Firstly, regarding the arbitration agreement: For the case to be resolved quickly by an arbitration center, first of all, right from the process of negotiating and concluding the contract, the parties need to establish an arbitration clause. The arbitration clause should be specific and clear, avoiding misunderstandings and avoiding cases where the agreement is invalidated according to the provisions of the Law on Commercial Arbitration and guiding documents for implementation.

The more detailed the arbitration agreement, the more time is saved for the parties in the subsequent resolution process, which can be detailed from the arbitration center, the standards of the arbitrator, the location of arbitration, the language of arbitration...

Secondly, regarding the selection of Arbitrators: Participating parties need to actively select Arbitrators, through carefully studying the nature of the dispute and related issues such as the language of arbitration, applicable law to choose a suitable Arbitrator, paying special attention to the issue of professional expertise, place of residence, and foreign language ability of the Arbitrator. When a suitable Arbitrator has been selected, it is possible to proactively contact the Arbitrator in advance, to prevent the case where the Arbitrator, for personal reasons or has been and is participating in resolving too many other cases, cannot participate in this case, leading to passivity in choosing an Arbitrator in the later stage.
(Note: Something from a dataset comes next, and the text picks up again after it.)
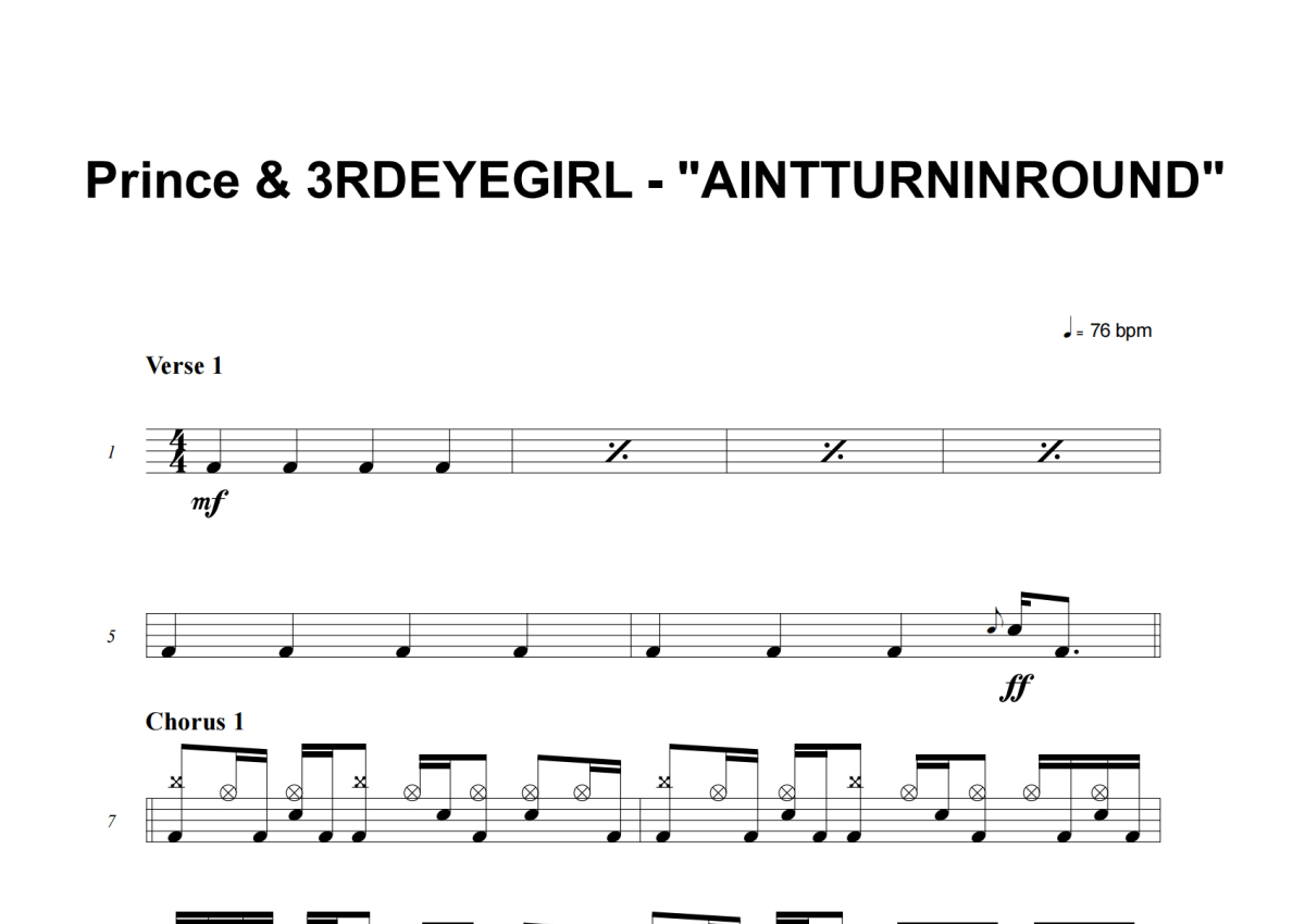 Prince&3RDEYEGIRL《AINTTURNINROUND》架子鼓谱

Thirdly, regarding the preparation of costs to participate in arbitration proceedings: The parties can refer to the initial costs according to the formula publicly posted on the website of the Arbitration Centers. However, note that, in addition to the costs according to the value of the dispute that has been determined at the time of filing the Petition/Counter-claim, during the dispute resolution process, there are also costs related to travel, accommodation of the Arbitrators, appraisal costs, expert consultation costs... If the party requests, is assigned by the Arbitral Tribunal to pay the costs but does not have enough financial capacity to pay within the required time limit, the case may be suspended from resolution. Therefore, the advice for the parties when participating in arbitration proceedings is to always anticipate the costs that may arise and be prepared for these expenses.

Fourthly, regarding attending dispute resolution hearings: When using the arbitration method, the parties need to attend the hearings fully, because from the first absence without a valid reason, the rights of the parties will be seriously affected. In case of a valid reason that cannot attend the hearing, the parties need to collect sufficient objective evidence to prove, such as emergency records at the hospital... to submit to the Arbitral Tribunal. In case although it is a valid reason but cannot be proven, the parties can authorize others to attend the hearing on their behalf.
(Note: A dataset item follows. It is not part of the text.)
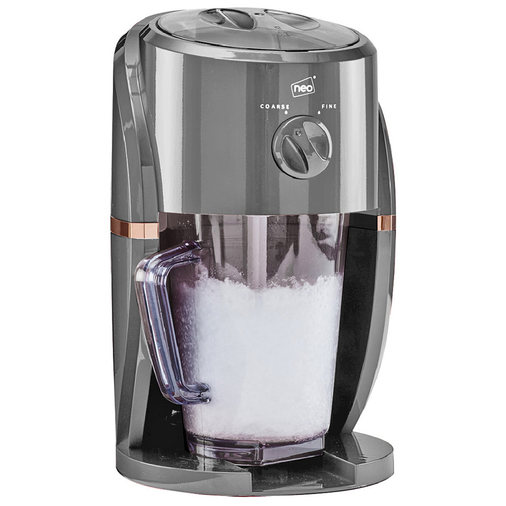 Entertain your guests with Neo Ice Crusher Slush Machine. From ice-cold slushies to frozen cocktails, enjoy a huge range of drinks. With two grinder settings - it crushes and grinds ice. You can choose either fine or coarse shaved ice by turning the dial on the front of the machine. The built-in stirrer and measuring jug keep the ice constantly moving to prevent it from sticking together and mixing in your syrups and flavours. Use your ice crusher for cocktails as well as all sorts of delicious cooling drinks like iced coffee, fruit flavour slushies or sweet snow cones. It is s covered by a 1-year manufacturer’s warranty.

With outstanding advantages, especially in resolving international commercial disputes, Commercial Arbitration is increasingly being chosen by organizations and businesses more right from the process of negotiation and conclusion of transaction contracts. Brandco hopes that, with the analysis and recommendations mentioned above, it will help organizations/individuals better understand this dispute resolution method, proactively take advantage of all the flexible factors, beneficial points, to optimize costs and time, effort, and best protect their legitimate rights and interests in disputes.